HowTo Locate the Physical Interface on a multi-host InfiniBand Environment

Version 2

    This post shows a simple way to locate the physical mlx5 device in a multi-host InfiniBand environment.

    This feature is available starting with MLNX_OFED 4.2

     

    References

     

    Overview

    Visualized mlx5 InfiniBand network device that is enabled with SR-IOV, do show which PCI device is virtualized and which is the physical, however, with some multi-host environments, you may not get that notation.

     

    For example: mlx5 InfiniBand port enabled with SR-IOV - you can see here which PCI is virtual.

    $ lspci | grep Mel

    05:00.0 Infiniband controller: Mellanox Technologies MT27700 Family [ConnectX-4]

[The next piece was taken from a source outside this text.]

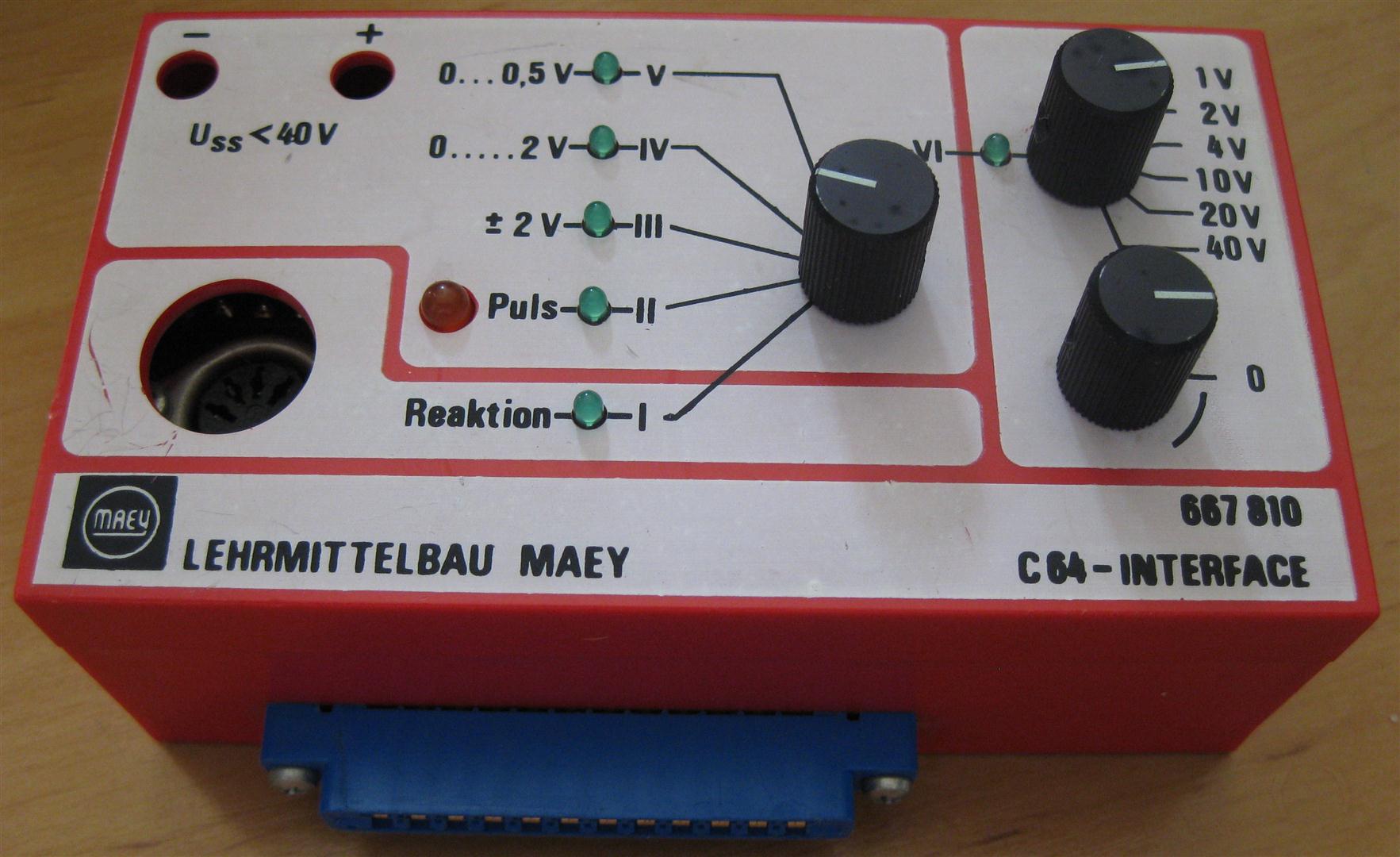 Mit dem C64 Interface 667810 von Maey Lehrmittelbau Bonn lassen sich verschiedene elektronische Aufbauten simulieren. Es wurde hauptsächlich in Schulen eingesetzt.

    05:00.1 Ethernet controller: Mellanox Technologies MT27700 Family [ConnectX-4]

    05:00.2 Infiniband controller: Mellanox Technologies MT27700 Family [ConnectX-4 Virtual Function]

    05:00.3 Infiniband controller: Mellanox Technologies MT27700 Family [ConnectX-4 Virtual Function]

    05:00.4 Infiniband controller: Mellanox Technologies MT27700 Family [ConnectX-4 Virtual Function]

    05:00.5 Infiniband controller: Mellanox Technologies MT27700 Family [ConnectX-4 Virtual Function]

     

    In this other example we have multihost InfiniBand environment while 0003 are the physical devices and the 0033 are the VFs, but no notation.

    # lspci | grep Mel

    0003:01:00.0 Infiniband controller: Mellanox Technologies MT28800 Family [ConnectX-5 Ex]

    0003:01:00.1 Infiniband controller: Mellanox Technologies MT28800 Family [ConnectX-5 Ex]

    0033:01:00.0 Infiniband controller: Mellanox Technologies MT28800 Family [ConnectX-5 Ex]

    0033:01:00.1 Infiniband controller: Mellanox Technologies MT28800 Family [ConnectX-5 Ex]

     

    To find out with device is physical, and can run openSM, print the has_smi paramter in the following path.

    # cat /sys/class/infiniband/mlx5_0/ports/1/has_smi

    1

    # cat /sys/class/infiniband/mlx5_1/ports/1/has_smi

    1

    # cat /sys/class/infiniband/mlx5_2/ports/1/has_smi

    0

    # cat /sys/class/infiniband/mlx5_3/ports/1/has_smi

    0

     

    As you can see mlx5_0 and mlx5_1 devices are physical (has_smi=1). For our example, you could run openSM on ports.